Appellant, who is the holder of an on-sale general liquor license, and operates a public restaurant and bar in Sacramento, commonly known as the Clayton Club, was charged with violating sections 25657, subdivision (b) and 24200.5, subdivision (b), of the Alcoholic Beverage Control Act, sections 303 and 303a of the Penal Code, and rule 143, chapter I, title 4, of the California Administrative Code. He was found guilty of Counts III, IV, V and VII. Count VI was dismissed, and the hearing officer found that Counts I and II were not proved. As to Counts III, IV and V, his liquor license was suspended indefinitely, and as to Count VII, it was revoked. The decision of the department was upheld by the Appeals Board, and appellant filed in the superior court a petition for a writ of mandate commanding the department to vacate its order. The court denied the petition and this appeal is from the judgment denying the writ.

The gist of the charges against appellant licensee was that he employed and permitted female entertainers to solicit and accept alcoholic beverages from patrons of the premises.

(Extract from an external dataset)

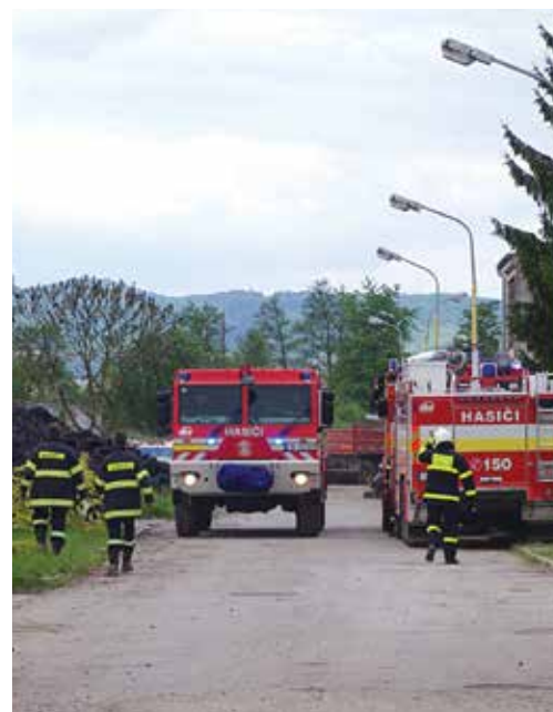
V Hloží v nedeľu zasahovalo takmer 60 hasičov s 27 kusmi hasičskej techniky.

ring ovzdušia s tým, že počas monitoringu neboli namerané žiadne hodnoty, ktoré by prekročovali povolené limity. Pri udalosti nebol nikto zranený, požiar
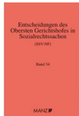
Entscheidungen des obersten Gerichtshofes in Sozialrechtssachen SSV- NF Ladenpreis: 322,00EUR

Count III charged that appellant, on or about February 25, 1955, “did permit one Benita Francis, a female employee, to solicit in and upon the licensed premises, patrons and customers of, and visitors in, said premises to purchase alcoholic beverages intended for her consumption and use, and in that connection she did then and there solicit and encourage Liquor Control Officer, Louis M. Cardinale, to purchase alcoholic beverages for her consumption and use.”

Count IV charged that appellant, on or about February 26, 1955, “did permit one Benita Francis, a female employee, to solicit in and upon the licensed premises, patrons and customers of, and visitors in, said premises to purchase alcoholic beverages intended for her consumption and use, and in that connection she did then and there solicit and encourage Liquor Control Officers, Louis M. Cardinale and Jack L. *743 Freschauer, to purchase alcoholic beverages for her consumption and use.”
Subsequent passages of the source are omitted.